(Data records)
+++
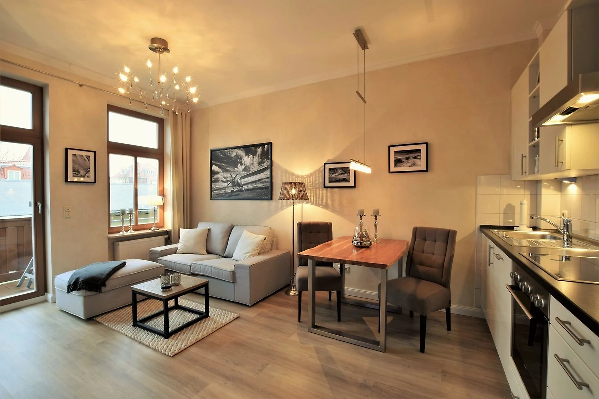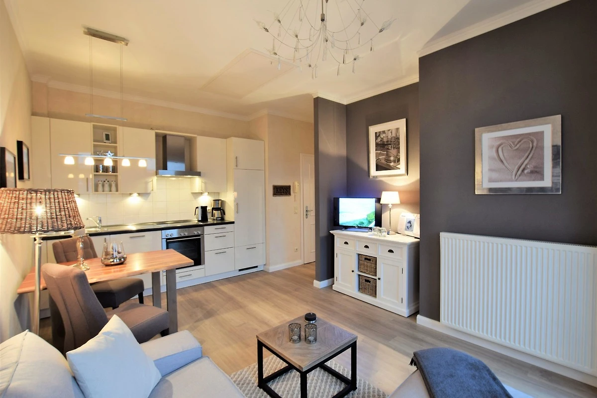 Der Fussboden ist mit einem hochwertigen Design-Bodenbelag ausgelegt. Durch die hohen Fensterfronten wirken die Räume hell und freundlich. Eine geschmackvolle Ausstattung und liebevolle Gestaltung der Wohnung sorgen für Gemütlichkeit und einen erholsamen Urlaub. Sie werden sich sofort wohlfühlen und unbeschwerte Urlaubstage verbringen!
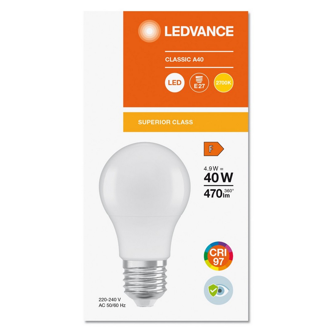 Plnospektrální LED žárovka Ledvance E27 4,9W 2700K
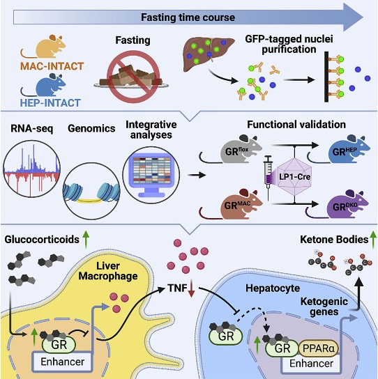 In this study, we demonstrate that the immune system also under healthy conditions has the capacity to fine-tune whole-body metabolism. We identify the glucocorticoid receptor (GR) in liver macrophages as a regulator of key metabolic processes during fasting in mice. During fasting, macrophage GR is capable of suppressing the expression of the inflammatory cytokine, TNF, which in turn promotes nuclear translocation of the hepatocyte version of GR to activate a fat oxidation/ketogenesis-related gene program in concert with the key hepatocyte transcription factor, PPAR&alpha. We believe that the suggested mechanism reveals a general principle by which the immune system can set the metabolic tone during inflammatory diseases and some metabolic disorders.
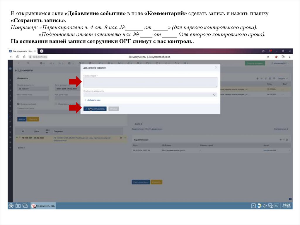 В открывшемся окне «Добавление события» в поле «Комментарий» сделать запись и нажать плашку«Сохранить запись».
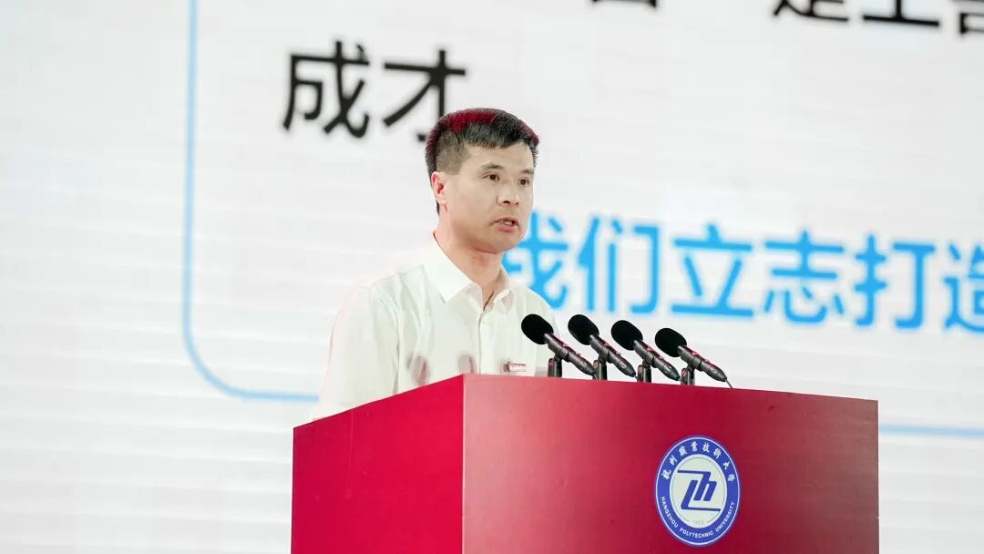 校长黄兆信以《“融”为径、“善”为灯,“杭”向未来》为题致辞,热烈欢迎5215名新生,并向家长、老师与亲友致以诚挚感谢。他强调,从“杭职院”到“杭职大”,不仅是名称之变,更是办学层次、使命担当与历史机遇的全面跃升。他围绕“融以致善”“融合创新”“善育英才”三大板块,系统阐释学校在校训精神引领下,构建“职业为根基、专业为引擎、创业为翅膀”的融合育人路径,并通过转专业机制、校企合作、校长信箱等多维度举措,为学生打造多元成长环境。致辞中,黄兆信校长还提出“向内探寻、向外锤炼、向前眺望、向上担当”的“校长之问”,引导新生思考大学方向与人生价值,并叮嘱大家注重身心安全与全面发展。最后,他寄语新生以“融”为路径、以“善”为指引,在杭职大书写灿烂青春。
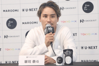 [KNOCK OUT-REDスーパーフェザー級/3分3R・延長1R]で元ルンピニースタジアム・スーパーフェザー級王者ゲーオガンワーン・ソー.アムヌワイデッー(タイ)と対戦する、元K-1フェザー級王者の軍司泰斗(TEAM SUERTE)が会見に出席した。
+++
• **Task directions**: Skip the pictures. Restate exactly the lines from the start of the entries through the line containing "Plnospektrální LED žárovka", both ends included.

• **Task solution**:
 Der Fussboden ist mit einem hochwertigen Design-Bodenbelag ausgelegt. Durch die hohen Fensterfronten wirken die Räume hell und freundlich. Eine geschmackvolle Ausstattung und liebevolle Gestaltung der Wohnung sorgen für Gemütlichkeit und einen erholsamen Urlaub. Sie werden sich sofort wohlfühlen und unbeschwerte Urlaubstage verbringen!
 Plnospektrální LED žárovka Ledvance E27 4,9W 2700K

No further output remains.